As for the menu, the Reporter’s sister publication, Southforker magazine, outlined some choices in a recent article, noting the restaurant “offers a giddy round-up of dim-sum favorites: around eight to 10 different types of dumplings that are core to the menu (which come in small or large — that is, four or eight-dumpling servings), a multitude of other satisfying dishes like sticky rice, crispy, light-as-air scallion pancakes, plump lotus bean or pork bao, gently spicy cold sesame noodles and a whole menu of sweet and savory crepes. Oh, and quiche options, too — you know, just in case you’re still hungry. The gelato is an evolving 40-flavor-strong center of scoops that will have you checking back in weekly to see what’s new.”

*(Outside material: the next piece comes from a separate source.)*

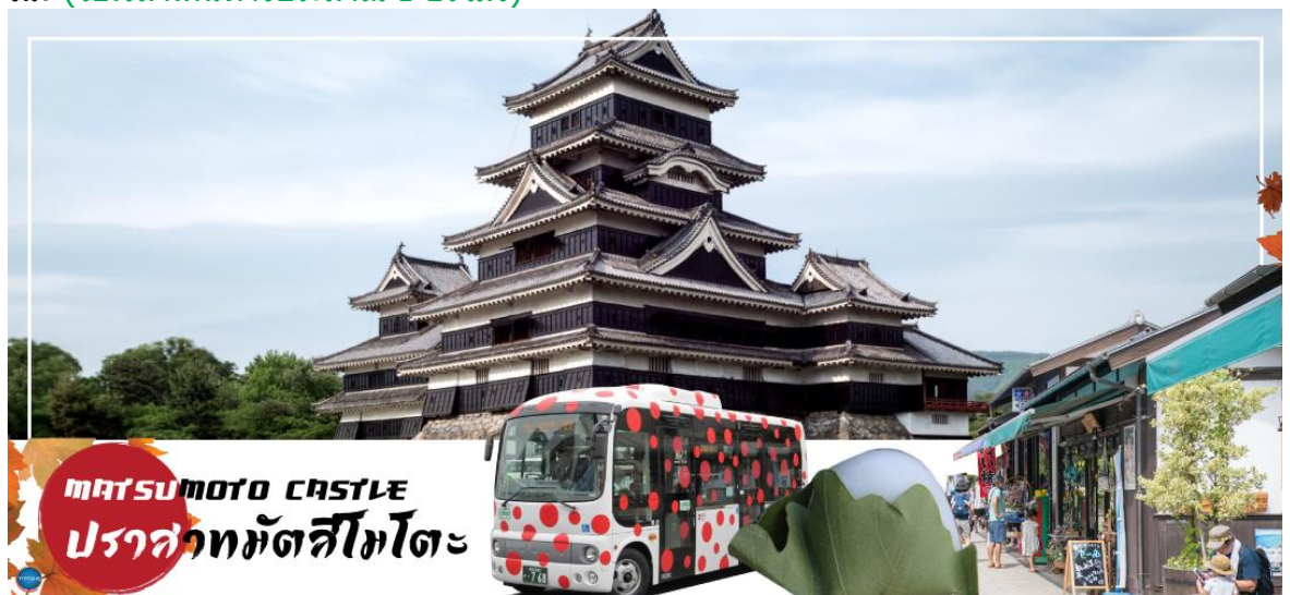
MATSUMOTO CASTLE ปราสาทมัตสึโมโตะ

จากนั้นนำท่านเดินทางสู่ คามิโคจิ (Kamikochi) (ใช้เวลาเดินทางประมาณ 50 นาที) แหล่งท่องเที่ยวทางธรรมชาติที่มีทิวทัศน์ภูเขาที่สวยงามที่สุดแห่งหนึ่งของประเทศญี่ปุ่น ดินแดนแห่งธรรมชาติท่ามกลางหุบเขาแสนสวยของเทือกเขา "เจแปน แอลป์" (Japan Alps) เป็นหุบเขาในพื้นที่อยู่สูงขึ้นไปทางเหนือของเทือกเขาแอลป์ญี่ปุ่น ภาพสายน้ำของแม่น้ำอะซุสะ ที่ใสสะอาดไหลผ่านสะพานคัปปะ ล้อมรอบด้วยต้นป่าเขียวขจี และฉากหลังของยอดเขาสูงตระหง่านระดับ 3,000 เมตรให้ท่านได้เพลิดเพลินกับการเดินเล่นสบายๆ ไปกับธรรมชาติที่สวยงาม อิสระให้ท่านได้เก็บภาพความประทับใจตามอัธยาศัย สะพานคัปปะ-บะชิ เป็นจุดที่มีคนเยอะที่สุดในคามิโคจิ และในบางครั้งก็ให้ความรู้สึกเหมือนทางแยกที่มีชื่อเสียงของชินญะ มีผู้คนมากมายเดินข้ามไปข้ามมาอยู่ไม่หยุดหย่อน มาถ่ายรูปใกล้กับสะพานหรือบนสะพาน นำท่านเดินทางสู่ เมืองมัตสึโมโตะ (Matsumoto) เป็นเมืองที่ใหญ่เป็นอันดับสองของจังหวัดนากาโนะ (ใช้เวลาเดินทางประมาณ 1 ชั่วโมง)

SAILING INTO THE RESTAURANT BUSINESS

The name of the restaurant, Ms. Lin explained, comes from the small sailboats called Optimists — opties for short — used by youngsters learning to sail — and dinghies, the small rowboats that now and then are rigged with a sail.

“Vincent’s a sailor,” Ms. Lin said, and when they discovered the East End, they kept their boat in Greenport and it wasn’t long before they knew they wanted to live somewhere in the area. That somewhere was Orient, where they moved 20 years ago and where they still have a house, and rent on the Island.

They opened the original Opties & Dinghies five years ago in what Ms. Lin described as “a hole-in-the-wall next to the Orient Post Office.”

But in November, it ended on an extremely sour note, with what Ms. Lin described as a contentious landlord and tenant dispute that included lawsuits from both sides and more than 20 police reports filed. When the lease was up, Ms. Lin said, they closed own.

“We weren’t going to give up, though. We had found a vibe in Orient, walking to work, giving added value to the village. We’ve found that here, too.”

The restaurant business is notoriously difficult and Ms. Lin said it was more so on Shelter Island. With population dropping precipitously in the off-season, there are many less customers. “It’s a seasonal business, but our rent isn’t seasonal.”

Ms. Lin also noted that many more tourists and day trippers come to the North Fork in the fall and winter, but don’t take the ferry to the Island, so that cuts down on business.

“We do have one advantage here by staying open until 10, so people can stop in for a late dinner,” Ms. Lin said. Customers come back and tell others about the treats in store at Opties & Dingies.

Long days bring great rewards, Ms. Lin said. ‘We’re so happy at the way Shelter Island has welcomed us.”